This recent graduate has to do science GPA repair, get clinical experience, and take the MCAT. Is it possible to do all this in 2-3 years?
Questions answered here on the podcast are taken directly from premedhangout.com. Go ask your questions there and use #OPMquestion.
Also, please be sure to check out all our other podcasts on Meded Media as we try to bring you as many resources as you need on this journey.
Listen to this podcast episode with the player above, or keep reading for the highlights and takeaway points.
[01:10] The MCAT Minute
The MCAT Minute is brought to you by Blueprint MCAT.
Check out Blueprint MCAT’s free study planner tool. Put in when you plan to take the MCAT, how many hours a day you’re planning on studying, days that you know you’re not going to be able to study, and days that you want to take your full-length exams. Then it will automatically create a study plan for you that you can use throughout your prep.
Follow that study plan and adapt that study plan as you go by dragging and dropping the modules around things happening in your life.
[02:30] OldPreMeds Question of the Week
“I’m a class of 2022 College graduate BS in Human Development. I plan on taking at least two gap years before applying to medical school, and I’m overwhelmed by deciding what I should do during this time.
Where This Student Is At This Point
My GPA is pretty low – 3.4 cumulative GPA and 2.3 science GPA, both with an upward trend, however. Due to this, I’m considering a do-it-yourself postbac, particularly in BCPM courses to boost my science GPA. I have no idea how many units I should take, any advice? Would raising my science GPA to at least a 3.0 be possible? How do I determine how many classes I need to take?
Additionally, I have limited clinical experience. To fix this, I plan on working as a scribe for at least a year before applying. During my gap years, I also need to study to take the MCAT.

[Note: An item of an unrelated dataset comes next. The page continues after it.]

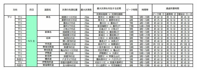 3. 【2025年・GWの渋滞予測】 ネクスコ中日本発表 下りは5月3日(土)4日(日) 上りは5月3日(土)~5日(月)ゴールデンウィークの高速道路どこが混雑?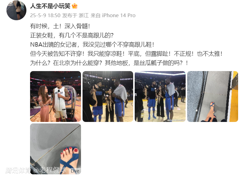 昨晚,刘茹就在社媒上透露她被告知不能穿高跟鞋,为此,她只能穿平底凉鞋。对于广厦主场的做法,刘茹吐槽:“有时候,土!深入骨髓!正装女鞋,有几个不是高跟儿的?NBA出镜的女记者,我没见过哪个不穿高跟儿鞋!”

From my undergraduate career, I do have shadowing experience, non-clinical work experience, and various other extracurriculars.
Dealing with Burnout
I guess my biggest question is, how do I manage to balance all of these deficiencies during my gap years?
Is it realistic to improve these deficiencies in two to three years? Where do I even start? I graduated just last month, but I’m feeling so burnt out from undergrad. I wanted to give myself the summer just to relax and not do anything. But I’m constantly stressed out feeling like I’m getting behind and should be doing something now. I want to relax but I’m having trouble doing so.
At the same time, I fear rushing through my gap years and then being burnt out before even starting medical school. Any advice, tips or recommendation is really greatly appreciated.”
[04:17] Take a Breath!
Just take a breath. You just graduated so don’t be in a rush. Take things slowly. Realize that there are a lot of things to do, but there are also a lot of things to do in life in general.“This is what a lot of nontrads are dealing with every single day – that is the feeling that they're getting behind.'Click To Tweet
Not everything has to be done today. And that’s what differentiates those who are able to navigate this process successfully.
A lot of students think they have to have thousands of hours for clinical experience or that it’s going to be impressive. But what’s impressive is having a balanced life. a well balanced application, having fun along the way, maintaining your sanity, and not getting burnt out.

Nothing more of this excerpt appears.